The novel picks up as Thom, a high school basketball star, is coming to grips with the fact that he seems to be able to heal people and that he’s gay. I love that the novel doesn’t waste time with Thom figuring this out, but figuring out how to come out about being queer and superpowered instead. His father hates both. Thom gets off on free previews of superhero porn online (in a world where they’re real, of course it would exist), can’t bring himself to enter the local gay bar, and is terrified at how much people will hate him (especially his homophobic father) when they find out. He’s afraid to test his powers except in emergencies, isn’t allowed to talk about his father’s past or ask questions about his mother.

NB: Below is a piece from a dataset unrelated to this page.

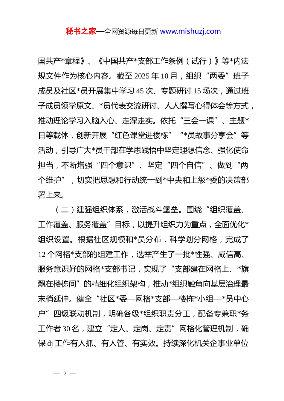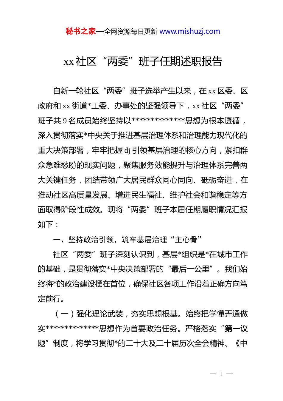 秘书之家—全网资源每日更新 www.mishuzj.comxx 社区“两委”班子任期述职报告自新一轮社区“两委”班子选举产生以来,在 xx 区委、区政府和 xx 街道*工委、办事处的坚强领导下,xx 社区“两委”班子共 9 名成员始终坚持以**************思想为根本遵循,深入贯彻落实*中央关于推进基层治理体系和治理能力现代化的重大决策部署,牢牢把握 dj 引领基层治理的核心方向,紧扣群众急难愁盼的现实问题,聚焦服务效能提升与治理体系完善两大关键任务,团结带领广大居民群众同心同向、砥砺奋进,在推动社区高质量发展、增进民生福祉、维护社会和谐稳定等方面取得阶段性成效。现将“两委”班子本届任期履职情况汇报如下:一、坚持政治引领,筑牢基层治理“主心骨”社区“两委”班子深刻认识到,基层*组织是*在城市工作的基础,是贯彻落实*中央决策部署的“最后一公里”。我们始终将*的政治建设摆在首位,确保社区各项工作沿着正确方向笃定前行。(一)强化理论武装,夯实思想根基。始终把学懂弄通做实**************思想作为首要政治任务。严格落实“第一议题”制度,将学习贯彻*的二十大及二十届历次全会精神、《中— 1 —秘书之家—全网资源每日更新 www.mishuzj.com国共产*章程》、《中国共产*支部工作条例(试行)》等*内法规文件作为核心内容。截至 2025 年 10 月,组织“两委”班子成员及社区*员开展集中学习 45 次、专题研讨 15 场次,通过班子成员领学原文、*员代表交流研讨、人人撰写心得体会等方式,推动理论学习入脑入心、走深走实。依托“三会一课”、主题*日等载体,创新开展“红色课堂进楼栋”“*员故事分享会”等活动,引导广大*员干部在学思践悟中坚定理想信念、强化使命担当,不断增强“四个意识”、坚定“四个自信”、做到“两个维护”,切实把思想和行动统一到*中央和上级*委的决策部署上来。(二)建强组织体系,激活战斗堡垒。围绕“组织覆盖、工作覆盖、服务覆盖”目标,以提升组织力为重点,全面优化*组织设置。根据社区规模和*员分布,科学划分网格,完成了12 个网格*支部的组建工作,选举产生了一批*性强、威信高、服务意识好的网格*支部书记,实现了“支部建在网格上、*旗飘在楼栋间”的精细化组织架构,推动*组织触角向基层治理最末梢延伸。健全“社区*委—网格*支部—楼栋*小组—*员中心户”四级联动机制,明确各级*组织职责分工,配备专兼职*务工作者 30 名,建立“定人、定岗、定责”网格化管理机制,确保 dj 工作有人抓、有人管、有实效。持续深化机关企事业单位— 2 —秘书之家—全网资源每日更新 www.mishuzj.com*组织和在职*员“双报到”机制,主动对接辖区内 xx 局、xx 医院等 10 余家单位,引导其下沉资源、下沉力量。任期内,累计组织“双报到”*员参与社区疫情防控、文明创建、普法宣传等志愿服务 500 余人次,共同认领并完成了居民“微心愿”120 项,有效推动了 dj 资源与社区治理需求精准对接,充分激活了基层*组织的战斗堡垒作用。(三)严明纪律规矩,涵养清朗生态。坚持把纪律和规矩挺在前面,营造风清气正的政治生态和干事创业的良好环境。严格执行民主集中制原则,修订并完善了《xx 社区“两委”议事决策规则》,明确“四议两公开”工作法,凡涉及社区发展规划、重大项目实施、大额资金使用、集体资产处置等重大事项,均经“两委”联席会议、*员大会和居民代表会议集体研究决定。任期内,共召开“两委”联席会议 25 次,审议各类事项80 项,所有事项均严格按照法定程序推进,确保决策过程科学民主、结果合规合法。加强廉政风险防控体系建设,为“两委”干部和社区关键岗位人员建立个人廉洁档案,动态记录廉洁履职情况。定期开展谈心谈话,实现对“两委”干部、网格*支部书记谈心谈话全覆盖。任期内组织观看警示教育片 5 次,赴 xx 市廉政教育基地参观学习 1 次,通报典型违纪违法案例 10起,通过以案为鉴、以案明纪,引导社区干部知敬畏、存戒惧、— 3 —秘书之家—全网资源每日更新 www.mishuzj.com守底线,自觉筑牢拒腐防变的思想防线。二、聚焦为民服务,织密民生保障“暖心网”社...

His troubles and his efforts to be a good citizen (volunteering at a youth center) put him into contact with Goran, a boy he can’t seem to say the right thing around. When Thom tries to run away, he gets caught up in a fight with super-villains and the mysterious loner Dark Hero. After saving some lives, the League offers him the opportunity to try out for their huge roster of heroes. The Dark Hero (a very Batman-like figure) seems disappointed and begins shadowing Thom. If you’ve already linked Goran and the Dark Hero in your mind, you picked up on one of the book’s biggest “secrets” as early as I did. If you’ve also guessed that this will be true love… okay, so anyone who knows the rules of economy of characters can figure out some important plot points. Not just the romantic ones, but also things like who the ultimate villain of the story will be and who will die at the end of act 2.
Speaking of the ultimate villain–Moore does one incredibly interesting thing that I respected, even if I guessed it less than halfway in. Justice, the leader of the league, is an alien from a destroyed world with eye beams, flight, superspeed, superstrength, near invincibility… the only thing that hurts him are fragments of purple rock from his destroyed planet. Yeah, it’s impossible not to just think “Superman” every time he pops up. The only unique power justice added was mind control, which was necessary for the plot. What Moore does that makes it interesting is that he turns Justice into the villain. A selfish, evil, angry, callous villain willing to destroy the planet to end his own loneliness. It makes the loneliness of Clark Kent in Smallville and Superman Returns seems to hold so much more potential to turn sinister.
Anyway, just like SIWBI, the characters were unique and memorable. Moore does a great job of diving into the psyche of people who lived in a world where superheroes were real. Heroes even ups the ante over SIWBI, using alien monsters and nearly god-like super-powers in the story along with seemingly lame powers like making people sick or no powers at all.
Over the course of the story, Thom must explore his past, uncover the secrets his parents tried to hide, learn to be part of a team that doesn’t want him, make difficult choices between doing the right thing and doing the selfish thing, and save the world. What’s not to love?